# Weedeater Featherlite FX26S



## Sir Thomas (Dec 7, 2013)

This is the first time I've run into problems removing a flywheel. This is a Weedeater Featherlite FX26S (you may as well say Polan) trimmer. The flywheel is held in place by the trimmer shaft sleave and a bolt. Looks like a square opening when the cable to the shaft is attached but normally you loosen it with a hex head wrench. I have a whole set but none fits.


----------



## 30yearTech (Sep 14, 2006)

After looking at the IPL for the model you listed, it appears that it does not have a clutch. The square drive adapter should unscrew from the crankshaft. It should have a hex head at the base near the flywheel and you should be able to use a deep well socket to remove it.


----------



## Sir Thomas (Dec 7, 2013)

30yearTech said:


> After looking at the IPL for the model you listed, it appears that it does not have a clutch. The square drive adapter should unscrew from the crankshaft. It should have a hex head at the base near the flywheel and you should be able to use a deep well socket to remove it.

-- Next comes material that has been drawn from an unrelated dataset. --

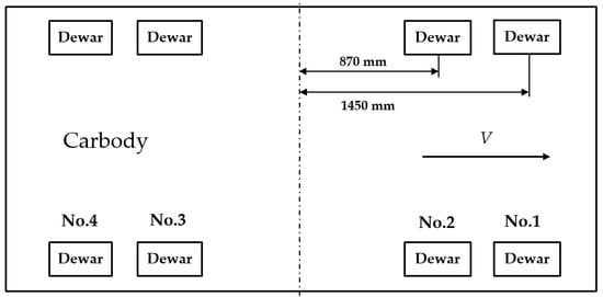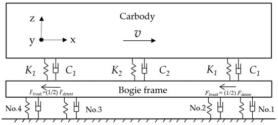 Figure 6 shows the installation location and number of Dewars. Dewars are installed symmetrically, so only Dewar No. 1, No. 2, No. 3, and No. 4 are taken as the objects of study. Figure 7 shows the dynamic model of the HTS maglev test vehicle. The vehicle itself has a primary suspension because of the flux pinning force. The secondary suspension is provided by rubber springs and air springs. The detent force Fdetent in Equation (1) is evenly distributed to two sets of PMECBs, which is done by Fbreak. The main parameters related to the vehicle can be seen in Table 3.

I have taken them off others with a hex head screwdriver going down there but I tried every size I have and nothing. I was only removing it to clean as I rebuild so I'm not worried about it. It's just the first time I couldn't get one off.


----------



## 30yearTech (Sep 14, 2006)

Sir Thomas said:


> I have taken them off others with a hex head screwdriver going down there but I tried every size I have and nothing. I was only removing it to clean as I rebuild so I'm not worried about it. It's just the first time I couldn't get one off.


Only units with a clutch have screws inside the drive coupler. This one will unscrew from the crankshaft with a socket.


----------